Author SHA1 Message Date
Karsten Weiss efc1fdb6d0 cpu: Add a 2nd label 'package' to metric node_cpu_core_throttles_total (#871)
* cpu: Add a 2nd label 'package' to metric node_cpu_core_throttles_total

This commit fixes the node_cpu_core_throttles_total metrics on
multi-socket systems as the core_ids are the same for each package.
I.e. we need to count them seperately.

Rename the node_package_throttles_total metric label `node` to `package`.

Reorganize the sys.ttar archive and use the same symlinks as the Linux
kernel. Also, the new fixtures now use a dual-socket dual-core cpu w/o
HT/SMT (node0: cpu0+1, node1: cpu2+3) as well as processor-less
(memory-only) NUMA node 'node2' (this is a very rare case).

Signed-off-by: Karsten Weiss <knweiss@gmail.com>

* cpu: Use the direct /sys path to the cpu files.

Use the direct path /sys/devices/system/cpu/cpu[0-9]* (without symlinks)
instead of /sys/bus/cpu/devices/cpu[0-9]*.

The latter path also does not exist e.g. on RHEL 6.9's kernel.

Signed-off-by: Karsten Weiss <knweiss@gmail.com>

* cpu: Reverse core+package throttle processing order

Signed-off-by: Karsten Weiss <knweiss@gmail.com>

* cpu: Add documentation URLs

Signed-off-by: Karsten Weiss <knweiss@gmail.com>
2018-04-09 18:01:52 +02:00
Rene Treffer c504c7e264 Only report core throttles per core, not per cpu (#836)
* Only report core throttles per core, not per cpu

* Add topology/core_id to the cpu sysfs fixtures

* Add new cpu fixtures to ttar file

* Merge core_id reading and thermal throttle accounting

* Declare core_id
2018-02-27 19:43:15 +01:00
Ben Kochie 14d60958d6
Unify CPU collector conventions (#806)
* Unify CPU collector conventions

Add a common CPU metric description.
* All collectors use the same `nodeCpuSecondsDesc`.
* All collectors drop the `cpu` prefix for `cpu` label values.
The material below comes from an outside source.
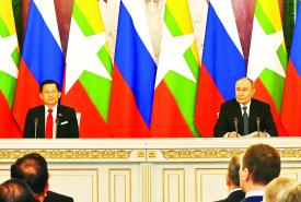 နိုင်ငံတော်ဝန်ကြီးချုပ် ဗိုလ်ချုပ်မှူးကြီး မင်းအောင်လှိုင်နှင့် ရုရှားဖက်ဒရေးရှင်းနိုင်ငံ သမ္မတ H.E. Vladimir Vladimirovich Putin တို့ မီဒီယာများနှင့် တွေ့ဆုံစဉ် နှစ်နိုင်ငံအပြန်အလှန် ပူးတွဲကြေညာချက်များနှင့် ပြောကြားချက်များ

* Fix subsystem string in cpu_freebsd.

* Fix Linux CPU freq label names.
2018-02-01 18:42:20 +01:00
Brian Brazil a98067a294 Make metrics better follow guidelines (#787)
* Improve stat linux metric names.

cpu is no longer used.

* node_cpu -> node_cpu_seconds_total for Linux

* Improve filesystem metric names with units

* Improve units and names of linux disk stats

Remove sector metrics, the bytes metrics cover those already.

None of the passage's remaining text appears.